The study was commissioned by the Corporation for Public Broadcasting to evaluate video and interactive games from Super Why!, Between the Lions and Sesame Street, which are produced for PBS as part of the Ready to Learn Initiative. To measure the impact of the study’s curriculum, the researchers conducted a randomized controlled trial with 398 low-income children from 80 preschool classrooms. The preschool teachers were randomly assigned to implement either a 10-week technology-supported literacy curriculum or a 10-week technology-supported science (comparison) curriculum. The researchers tested children in both sets of classrooms before and after implementation and provided both initial training and ongoing coaching for the teachers in both curricula.

Children who participated in the literacy curriculum outscored children in the comparison curriculum on all five measures of early literacy used in the study; four of the five differences were statistically significant. The posttest results were as follows.
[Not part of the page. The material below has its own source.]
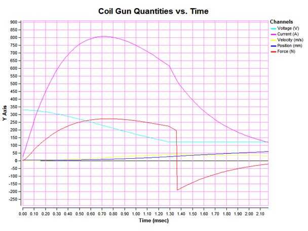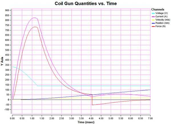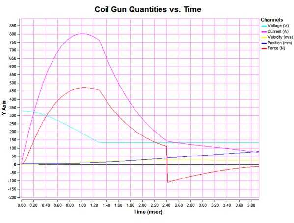 La pistola de bobina estándar 6 m m con los límites predeterminados de arriba le daría un máximo bruto de 33.5 m/s y 3.6J la energía cinética de 15 capas de 14AWG de 30 mm de longitud. El Banco de capacitores fue tan grande que este era evidentemente demasiado poder volcar en un proyectil tan pequeño en una etapa. El tamaño del proyectil era demasiado pequeño y un proyectil más grande era necesario. La gráfica de la simulación está por debajo de

Naming letters: Children in the early literacy curriculum classrooms knew an average of 21.2 letters compared with 16.8 letters for children in the comparison classrooms.

Knowing the sounds of letters: Children in the early literacy curriculum classrooms knew an average of 10 letter sounds compared with 6.3 for children in the comparison classrooms.

Knowing concepts of story and print: Children in the early literacy curriculum classrooms earned 10.8 points on average on the test of story and print concepts, whereas children in the comparison classrooms scored an average of 9.5 points.

Recognizing letters in child’s own name: Children in the early literacy curriculum classrooms knew an average of 2.7 letters in their names, whereas children in the comparison classrooms knew 2.5.

Also of note was that every teacher who began the study remained in it, and was able to carry out the curriculum as designed by the research team. With the help of training and coaching visits to classrooms, the preschool teachers delivered the curriculum with a high degree of fidelity and in ways that supported the active engagement of children. Teachers showed the children videos an average of nearly two times per week, almost exactly as the curriculum intended.

These results show that a media-rich curriculum with integrated professional development for teachers can prepare low-income children for school success. The results also provide evidence of the success for the Corporation for Public Broadcasting in its Ready To Learn Initiative, which promotes literacy using multiple forms of media to deliver educational programming in a variety of settings, including preschools.

The next steps are to test this curriculum in other settings and with other subjects.